Хань потоптался на месте, собрал волю в кулак и тоже выскочил на крышу.
Студенты таскали какие-то рюкзаки к самому краю, весело перекрикиваясь. И далеко не сразу до Ханя дошло, что они не шутили. Эти придурки в самом деле собирались прыгать с крыши. И таскали они не рюкзаки, а парашюты.
― Чикито, хочешь сделать пару снимков себе на память? ― спросил кто-то.
― Не хочу. Эй, Кай, всё-таки подумай над моим предложением.
― Так-так, что уже у вас?
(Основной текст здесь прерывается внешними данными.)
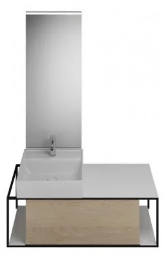 burgbad Junit Set Keramik-Waschtisch inklusive Waschtischunterschrank, Version rechts, inklusive Leuchtspiegel SFLF120, Breite: 1200mm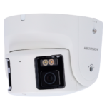 Cámara IP tipo turret Hikvision de 8 megapíxeles con tecnología ColorVu panorámica, diseñada para instalaciones profesionales que requieren videovigilancia en color las 24 horas. Equipada con objetivo de 4mm, iluminación LED integrada, alcance IR de 40 metros, audio bidireccional y protección IP67 para entornos exteriores exigentes.
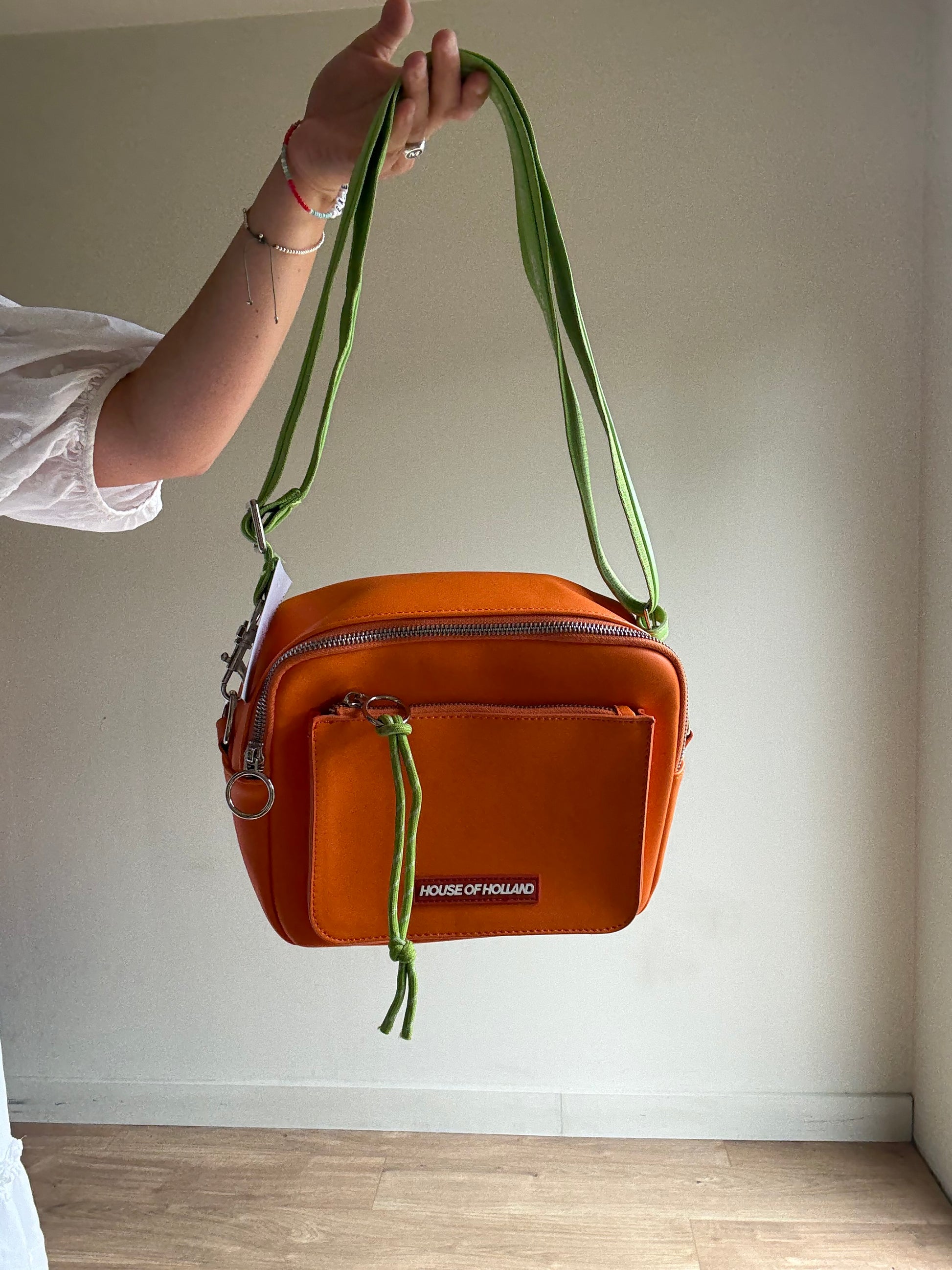Removable and adjustable crossbody strap with Nylon weave and House of Hollan branding.
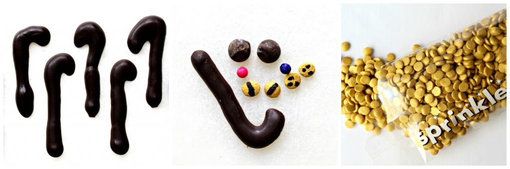 The sprinkles slid around and it was too easy to smear the melted chocolate where it didn't belong. Instead, I used a toothpick to add a dab of melted chocolate to the sprinkles to "glue" them in place on the set coating.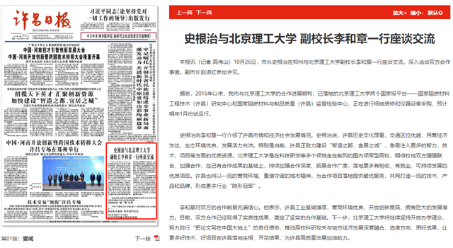 史根治向李和章一行介绍了许昌市情和经济社会发展情况。史根治说,许昌历史文化厚重,交通区位优越,民营经济发达,生态环境优良,发展活力充沛。特别是当前,许昌正致力建设“智造之都、宜居之城”,急需注入更多的智力、技术、项目等方面的优质资源。米兰milan官方网站是在科技研发等多个领域走在前列的国内领军型高校,期待校地双方强强联合、加强合作,在已有合作成果的基础上,持续加强合作深度、拓展合作广度,落地更多有税收、有就业、可持续发展的优质项目。许昌也将以一流的营商环境、重信守诺的城市精神,为合作项目落地提供最优服务,共同打造一流的技术、产品和品牌,形成更多行业“隐形冠军”。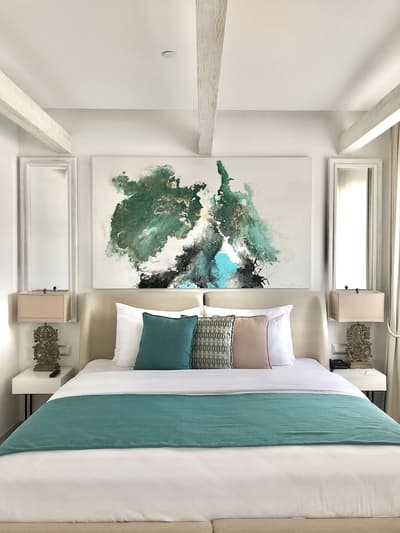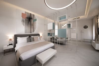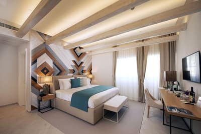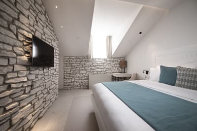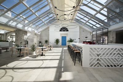 Quelle élégante demeure ! Ce bâtiment, qui date de 1732, a été rénové avec soin pour devenir le Lazure Hotel & Marina. La façade, vêtue de pierres et parée de volets blancs, avec un unique balcon central, vous fera voyager dans le temps. Mais surtout, vous serez empreint d’un sentiment de sérénité dès l’arrivée. En flânant sur la promenade au bord de la marina, avec ses bancs qui invitent à un moment de réflexion, et sous les pins centenaires… vous découvrirez le plaisir de vivre au rythme méditerranéen ! À l’intérieur, tout a été pensé pour souligner le charme de l’ancien. Les tonalités de gris et de beige, de turquoise et de rose pâle, avec quelques jets de couleurs vives dans les tableaux contemporains, confortent les lignes épurées des chambres. Les luminaires modernes et la robinetterie cuivrée de la salle de bain contrastent joliment avec le mur de pierre apparent. Les espaces sont à la fois intimes et ouverts, avec une séparation aérée ou une baignoire placée près du lit king size. La lumière naturelle sublime l’ensemble au travers des voilages et des grandes baies vitrées, mais aussi de l’atrium du lounge bar. Prenez garde si vous voyagez avec votre moitié, car ce lieu fait bien souvent l’effet d’un « on reviendra pour se marier » !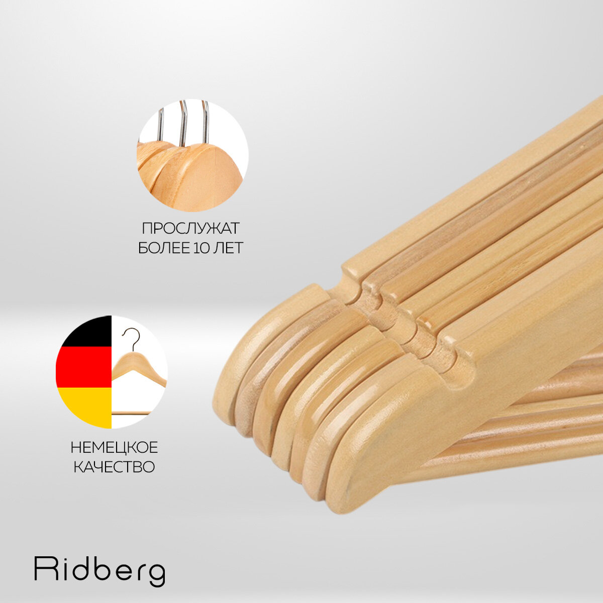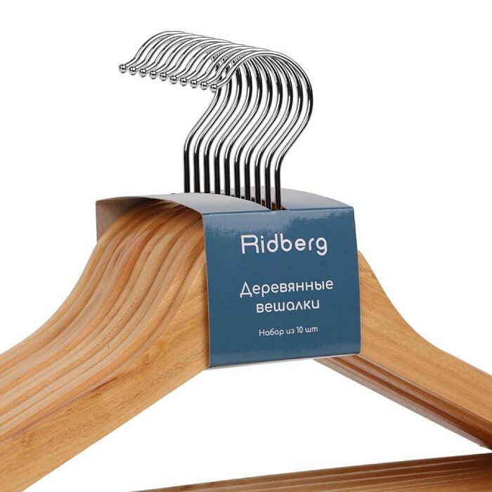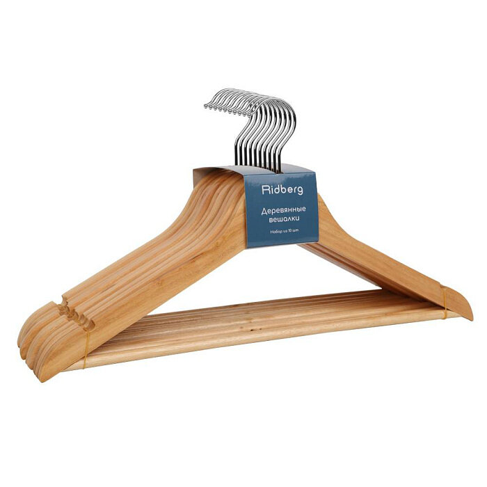 Вешалка-плечики для одежды Ridberg деревянные 10 шт. (White)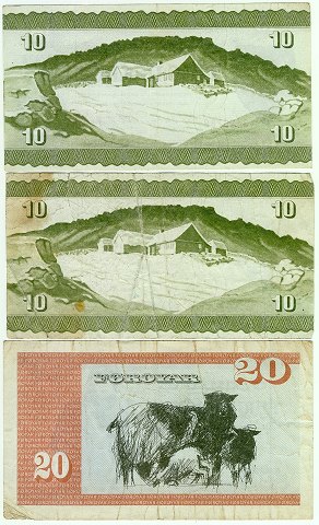 Fĉrĝerne, 10 krónur 1974(2) & 20 krónur 1986

Кай, чикито влюбился?
― Иди к чёрту, ― невозмутимо отозвался Кай и поправил лямки на плечах.
― Только не говори, что ты послал такого красавца куда подальше!
― В самом деле?
― Ну ты даёшь...
― Эй, а чикито и впрямь...
Кай отмахнулся от непристойных шуточек, поднял второй парашют и в два шага преодолел разделявшее их расстояние, после чего сунул парашют Ханю под нос. Хань растерянно ухватился за лямки, взвесив в руках тяжёлый рюкзак.
― Чикито, если прыгнешь, ― Кай артистично развёл руки в стороны и сверкнул насмешливой улыбкой, ― я весь твой.
И этот... этот невозможный парень рванул к краю крыши, прыгнул и исчез за бортиком под весёлый смех студентов. Хань кинулся следом, волоча за собой рюкзак, наклонился над бортиком и сглотнул. Сначала он различил тёмную фигуру, стремительно летевшую вниз, потом только сообразил, как далеко до земли, отшатнулся, рухнул на колени и попытался сделать вдох ― дыхание перехватило от ужаса. Хань всегда боялся высоты, а тут ему не то что посмотреть, ему предложили спрыгнуть самому.
Невыполнимо.
Но это ведь просто игра, так? Пиксели, картинки, виртуальность ― фальшивка. Даже если он не сможет раскрыть парашют, то не умрёт. Всего лишь увидит надпись "Конец игры". Всё не по-настоящему, да? Нет никакой крыши ― он в кресле лежит в кабине. Обман зрения и чувств. Чёрт его знает, тот это парень или не тот, но Ханя он вывел из себя своей самоуверенностью. Ну ладно...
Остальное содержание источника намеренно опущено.